Carnegie Mellon Lecture 6 Register Allocation I. Introduction II. Abstraction and the Problem III. Algorithm Reading: Chapter Before next class:
Parallel and Cluster Computing 1. 2 Optimising Compilers u The main specific optimization is loop vectorization u The compilers –Try to recognize such.
1 Lecture: Pipeline Wrap-Up and Static ILP Topics: multi-cycle instructions, precise exceptions, deep pipelines, compiler scheduling, loop unrolling, software.
U NIVERSITY OF M ASSACHUSETTS, A MHERST Department of Computer Science Emery Berger University of Massachusetts, Amherst Advanced Compilers CMPSCI 710.
ECE Synthesis & Verification - Lecture 2 1 ECE 697B (667) Spring 2006 ECE 697B (667) Spring 2006 Synthesis and Verification of Digital Circuits Scheduling.
Improving code generation. Better code generation requires greater context Over expressions: optimal ordering of subtrees Over basic blocks: Common subexpression.
EECC551 - Shaaban #1 Winter 2002 lec# Pipelining and Exploiting Instruction-Level Parallelism (ILP) Pipelining increases performance by overlapping.
Path Protection in MPLS Networks Ashish Gupta Design and Evaluation of Fault Tolerance Algorithms with Performance Constraints.
EECC551 - Shaaban #1 Spring 2004 lec# Static Compiler Optimization Techniques We already examined the following static compiler techniques aimed.
EECC551 - Shaaban #1 Spring 2006 lec# Pipelining and Instruction-Level Parallelism. Definition of basic instruction block Increasing Instruction-Level.
1 CS 201 Compiler Construction Lecture 13 Instruction Scheduling: Trace Scheduler.
EECC551 - Shaaban #1 Fall 2005 lec# Pipelining and Instruction-Level Parallelism. Definition of basic instruction block Increasing Instruction-Level.
EECC551 - Shaaban #1 Winter 2003 lec# Static Compiler Optimization Techniques We already examined the following static compiler techniques aimed.
Code Generation for Basic Blocks Introduction Mooly Sagiv html:// Chapter
1 Lecture 5: Pipeline Wrap-up, Static ILP Basics Topics: loop unrolling, VLIW (Sections 2.1 – 2.2) Assignment 1 due at the start of class on Thursday.
U NIVERSITY OF M ASSACHUSETTS, A MHERST Department of Computer Science Emery Berger University of Massachusetts, Amherst Advanced Compilers CMPSCI 710.
EECC551 - Shaaban #1 Winter 2011 lec# Pipelining and Instruction-Level Parallelism (ILP).
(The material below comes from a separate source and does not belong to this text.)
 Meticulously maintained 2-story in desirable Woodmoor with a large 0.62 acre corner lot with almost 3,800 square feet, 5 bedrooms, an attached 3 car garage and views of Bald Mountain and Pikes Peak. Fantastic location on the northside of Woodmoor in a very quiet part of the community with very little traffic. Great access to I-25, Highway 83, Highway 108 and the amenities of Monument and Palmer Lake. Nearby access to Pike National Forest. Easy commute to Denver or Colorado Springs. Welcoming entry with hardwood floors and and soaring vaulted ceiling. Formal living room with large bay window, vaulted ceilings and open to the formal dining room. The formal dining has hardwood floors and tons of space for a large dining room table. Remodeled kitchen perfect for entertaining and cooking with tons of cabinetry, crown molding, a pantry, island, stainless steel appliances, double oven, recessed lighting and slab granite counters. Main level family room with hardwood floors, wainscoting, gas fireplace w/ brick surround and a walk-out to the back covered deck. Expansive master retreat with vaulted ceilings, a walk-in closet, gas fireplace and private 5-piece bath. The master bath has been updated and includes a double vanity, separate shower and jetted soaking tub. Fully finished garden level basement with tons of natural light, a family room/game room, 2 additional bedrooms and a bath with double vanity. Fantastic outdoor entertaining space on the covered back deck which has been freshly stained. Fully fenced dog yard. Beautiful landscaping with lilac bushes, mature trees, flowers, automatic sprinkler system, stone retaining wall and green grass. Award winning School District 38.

Definition of basic instruction block Increasing Instruction-Level.
Improving Code Generation Honors Compilers April 16 th 2002.
EECC551 - Shaaban #1 Spring 2004 lec# Definition of basic instruction blocks Increasing Instruction-Level Parallelism & Size of Basic Blocks.
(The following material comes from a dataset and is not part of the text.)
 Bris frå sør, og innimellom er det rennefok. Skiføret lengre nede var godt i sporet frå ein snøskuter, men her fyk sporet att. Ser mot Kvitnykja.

Improving code generation. Better code generation requires greater context Over expressions: optimal ordering of subtrees Over basic blocks: Common subexpression.
4/29/09Prof. Hilfinger CS164 Lecture 381 Register Allocation Lecture 28 (from notes by G. Necula and R. Bodik)
1 IOE/MFG 543 Chapter 7: Job shops Sections 7.1 and 7.2 (skip section 7.3)
Saman Amarasinghe ©MIT Fall 1998 Simple Machine Model Instructions are executed in sequence –Fetch, decode, execute, store results –One instruction.
1 Lecture 6: Static ILP Topics: loop analysis, SW pipelining, predication, speculation (Section 2.2, Appendix G) Please hand in Assignment 1 now Assignment.
Pipelining and Exploiting Instruction-Level Parallelism (ILP)
CPSC614 Lec 6.1 Exploiting Instruction-Level Parallelism with Software Approach #1 E. J. Kim.
Iterative Flattening in Cumulative Scheduling. Cumulative Scheduling Problem Set of Jobs Each job consists of a sequence of activities Each activity has.
Generic Software Pipelining at the Assembly Level Markus Pister
Fall 2002 Lecture 14: Instruction Scheduling. Saman Amarasinghe ©MIT Fall 1998 Outline Modern architectures Branch delay slots Introduction to.
EECS 583 – Class 14 Modulo Scheduling Reloaded University of Michigan October 31, 2011.
CSc 453 Final Code Generation Saumya Debray The University of Arizona Tucson.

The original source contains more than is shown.